§ **PROBLEM**:
Copied exactly and without pictures, the lines from the beginning of the entries through the one that holds "Hier finden Sie" should form the entire reply.

**** RECORDS

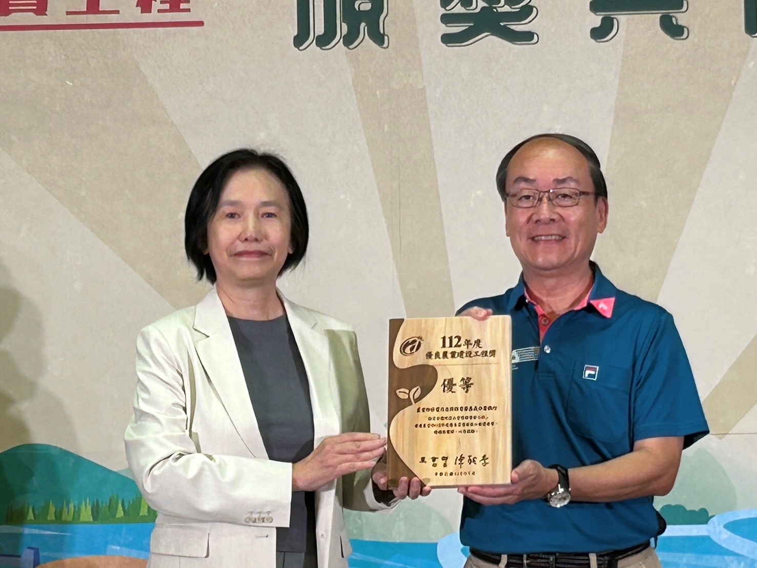 112年度優良農業建設工程獎於今(12)日在農業部舉行頒獎典禮,農業部林業及自然保育署嘉義分署長張岱率同仁及得獎廠商代表參與典禮,此次比賽嘉義分署共獲得5件優等及1件佳作,更勝去年成績,其中包括位於阿里山國家森林遊樂區的「縣定古蹟阿里山貴賓館整修工程」及「祝山林道沿線邊坡及路面改善工程」、保全嘉義縣番路鄉草山村及下游曾文水庫的「大埔區第56林班水源地邊坡崩塌治理工程」、保護關子嶺上游三重溪集水區及172市道的「芋園防砂治理工程」、復育臺南市六甲區175市道旁崩塌地的「六甲區第2007號防砂治理工程」,以及管控南化水庫與後堀溪上游土砂的「玉井區第65林班平坑土砂防治第三期工程」等6項工程。
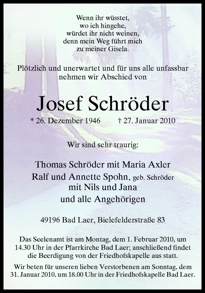 Hier finden Sie alle Traueranzeigen aus der Zeitung, die bisher für Josef Schröder erschienen sind. Weitere Traueranzeigen, die in der Zeitung erscheinen, werden hier ebenfalls aufgelistet
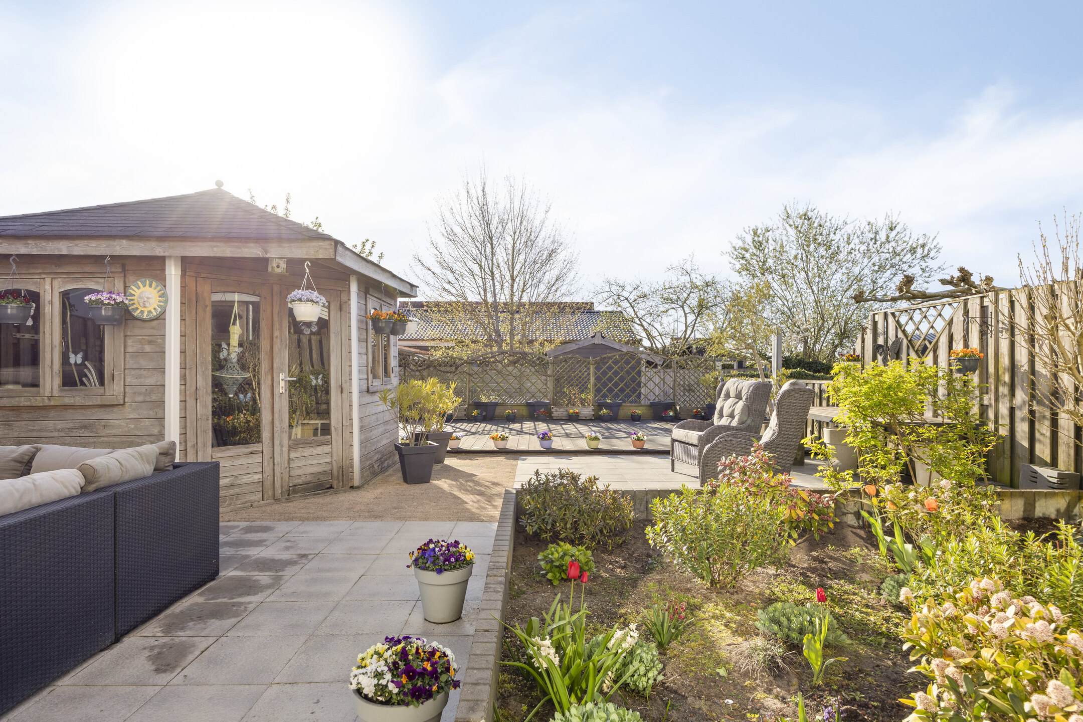 en een buitenkraan. Daarnaast treft u diverse fruitbomen, waaronder appel-, peren-, pruimenbomen en rode bessen en druif. Halverwege de tuin staat een tuinhuis (ca. 7,5 m²) met elektra. Ook is er een oprolbaar windscherm bij de vlonder en een elektrisch zonnescherm aan de achtergevel. Vanuit de tuin geniet u van vrij uitzicht over het polderlandschap. De tuin is tevens bereikbaar via een zijpoort.
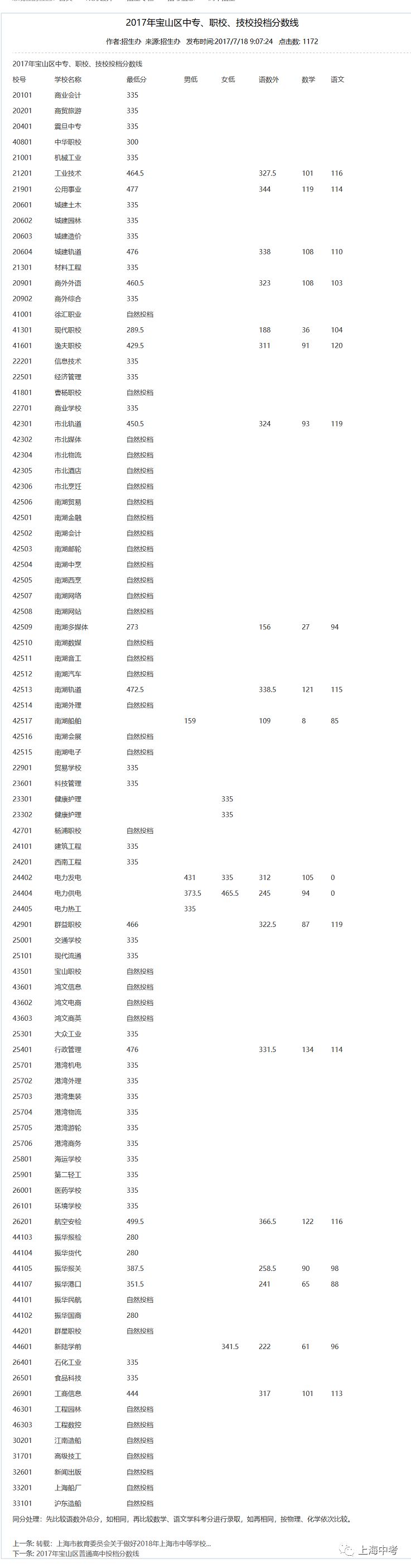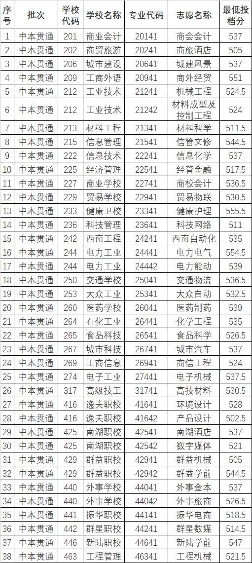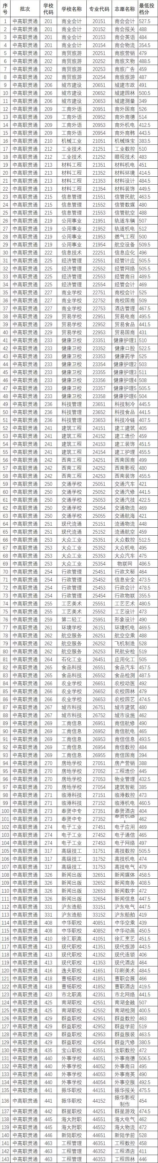 2017年中招中職校提前批中本、中高職各專業錄取最低分數線
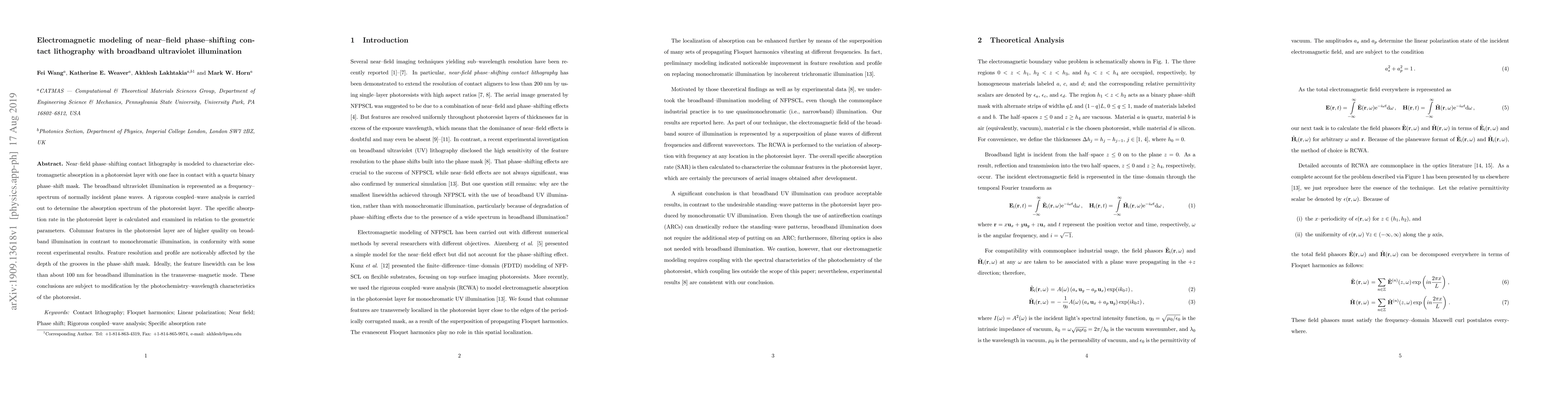 Near-field phase-shifting contact lithography is modeled to characterize electromagnetic absorption in a photoresist layer with one face in contact with a quartz binary phase-shift mask. The broadband ultraviolet illumination is represented as a frequency-spectrum of normally incident plane waves. A rigorous coupled-wave analysis is carried out to determine the absorption spectrum of the photoresist layer. The specific absorption rate in the photoresist layer is calculated and examined in relation to the geometric parameters. Columnar features in the photoresist layer are of higher quality on broadband illumination in contrast to monochromatic illumination, in conformity with some recent experimental results. Feature resolution and profile are noticeably affected by the depth of the grooves in the phase-shift mask. Ideally, the feature linewidth can be less than about 100 nm for broadband illumination in the transverse-magnetic mode. These conclusions are subject to modification by the photochemistry-wavelength characteristics of the photoresist.
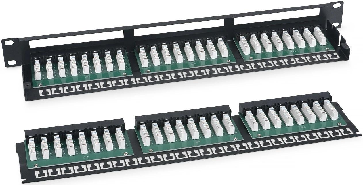 Панель Hyperline PPHD-19-24-8P8C-C5E-110D Патч-панель высокой плотности 19", 0.5U, 24 порта RJ-45, категория 5E, Dual IDC
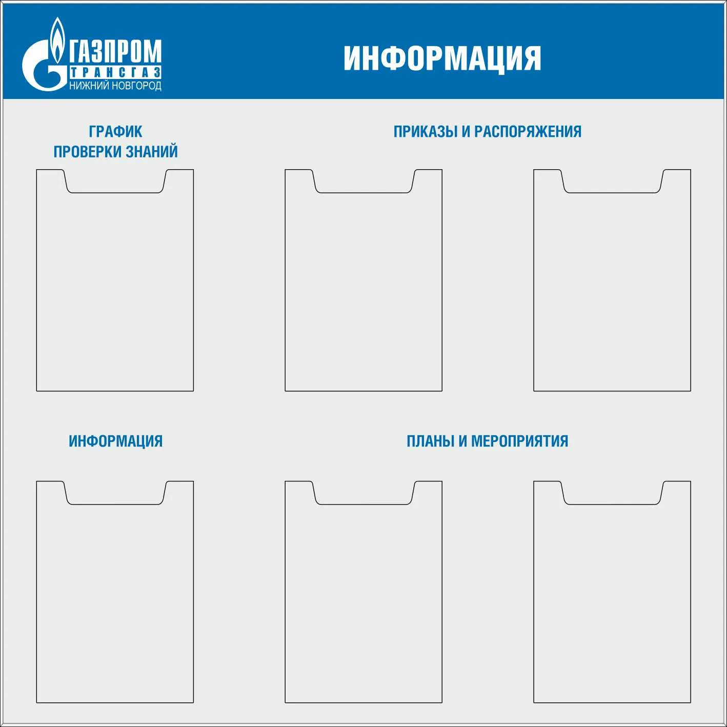 Стенд Информация, 7 карманов вертикальных плоских формата А4, 1 карман плоский 700х305, карманы с надписями (1500х1000; Пластик ПВХ 4 мм, пластиковый профиль; )
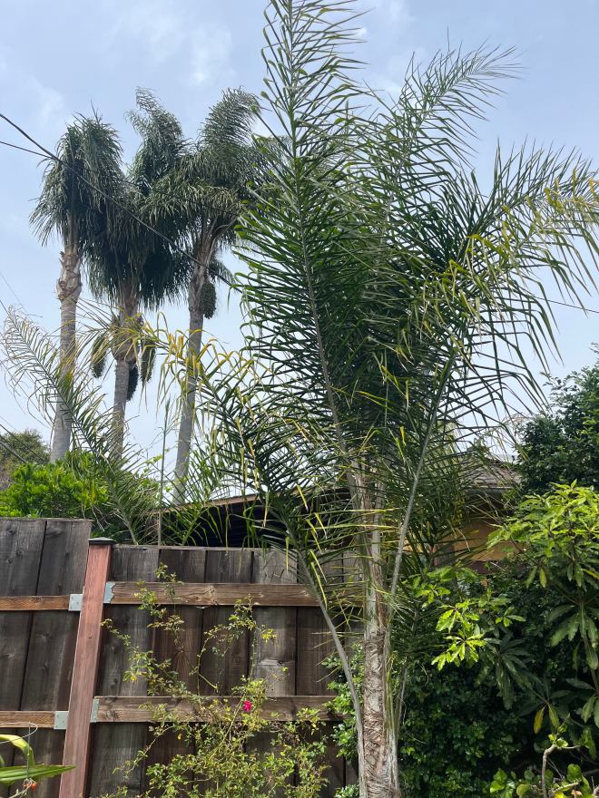 Its original home is the area which is comprised of northern Uruguay, northern Argentina, eastern and central Paraguay, and eastern and southern Brazil. My daughter tells me that this tree just appeared one day. She suspects – correctly, I think – that its parents are the mature queen palms one can see in the background, which grace the neighbour’s backyard. No doubt one of the squirrels which scamper along the garden’s fences brought over a nut which fell from those large, hanging clusters we see on the mature trees.
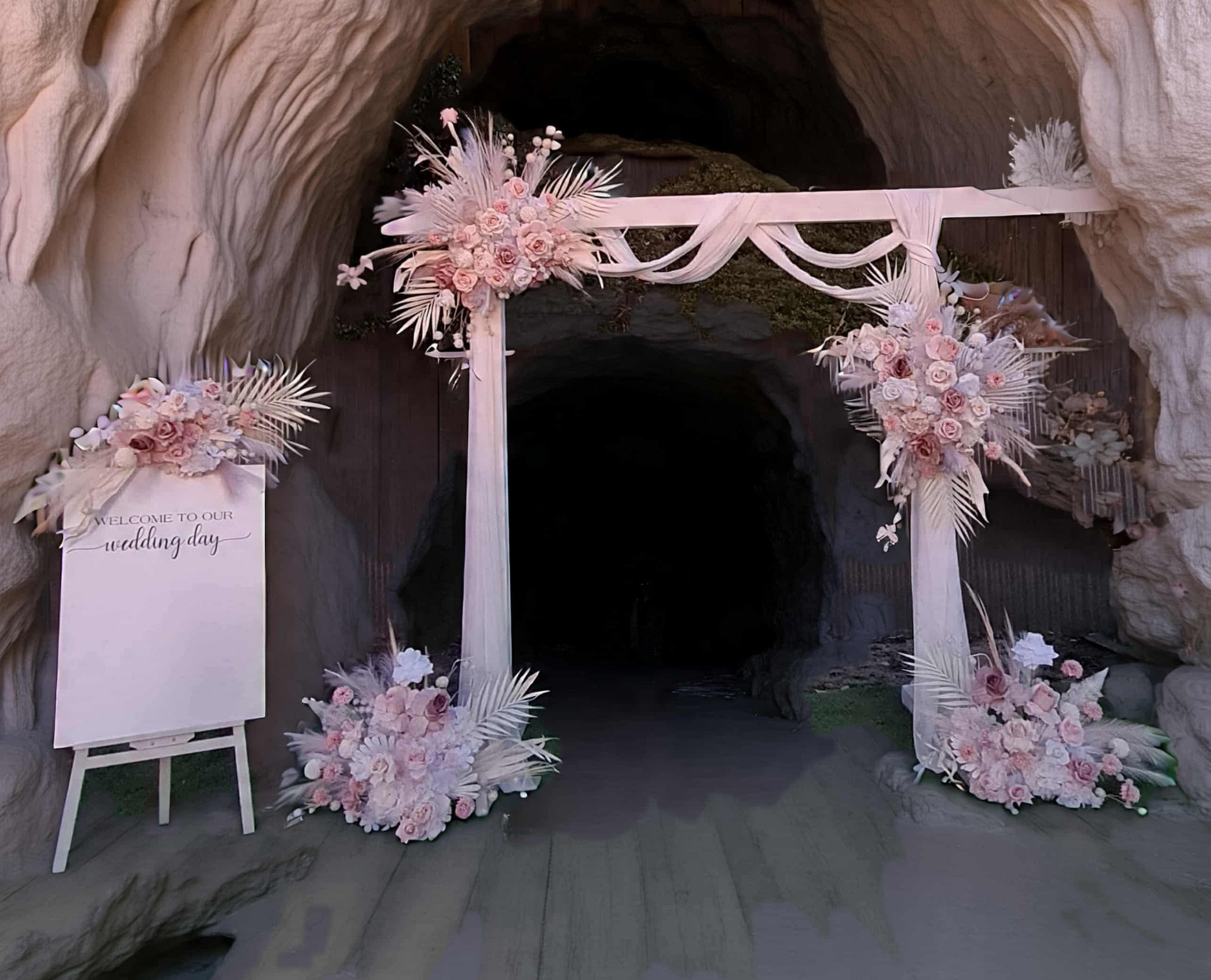 White wood arbour & 5 x Boho blush romantic flowers and easel
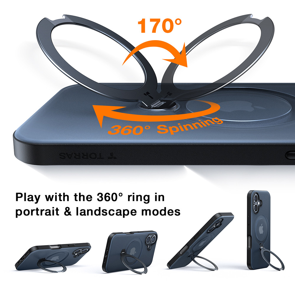 Torras - Ostand Spin MagSafe Series tok - iPhone 16 Plus - Átlátszó
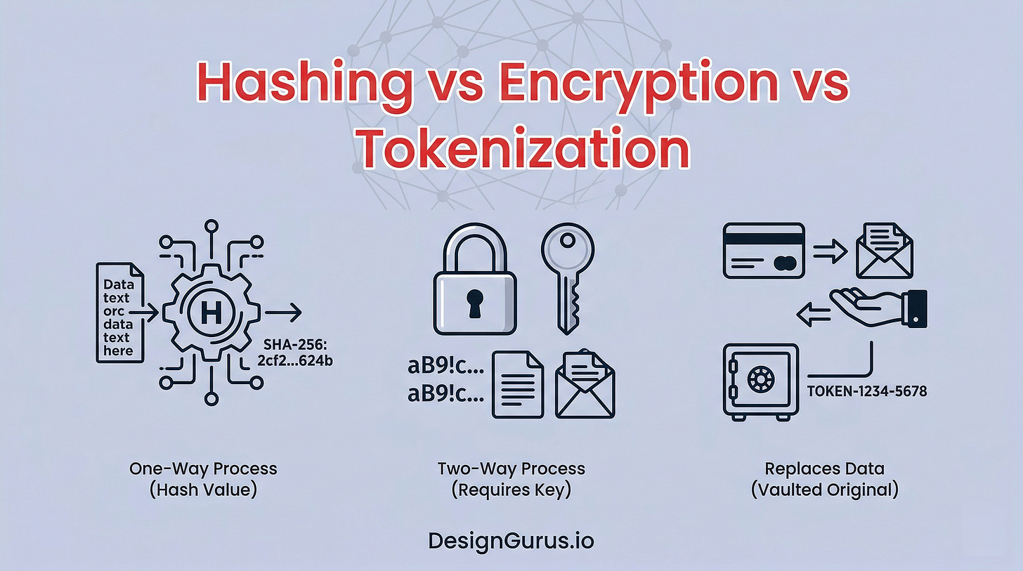 Hashing, encryption, and tokenization all protect data differently. Learn how each one works, what makes them unique, and when to use which in system design.

********

§ **EXERCISE ANSWER**:
 112年度優良農業建設工程獎於今(12)日在農業部舉行頒獎典禮,農業部林業及自然保育署嘉義分署長張岱率同仁及得獎廠商代表參與典禮,此次比賽嘉義分署共獲得5件優等及1件佳作,更勝去年成績,其中包括位於阿里山國家森林遊樂區的「縣定古蹟阿里山貴賓館整修工程」及「祝山林道沿線邊坡及路面改善工程」、保全嘉義縣番路鄉草山村及下游曾文水庫的「大埔區第56林班水源地邊坡崩塌治理工程」、保護關子嶺上游三重溪集水區及172市道的「芋園防砂治理工程」、復育臺南市六甲區175市道旁崩塌地的「六甲區第2007號防砂治理工程」,以及管控南化水庫與後堀溪上游土砂的「玉井區第65林班平坑土砂防治第三期工程」等6項工程。
 Hier finden Sie alle Traueranzeigen aus der Zeitung, die bisher für Josef Schröder erschienen sind. Weitere Traueranzeigen, die in der Zeitung erscheinen, werden hier ebenfalls aufgelistet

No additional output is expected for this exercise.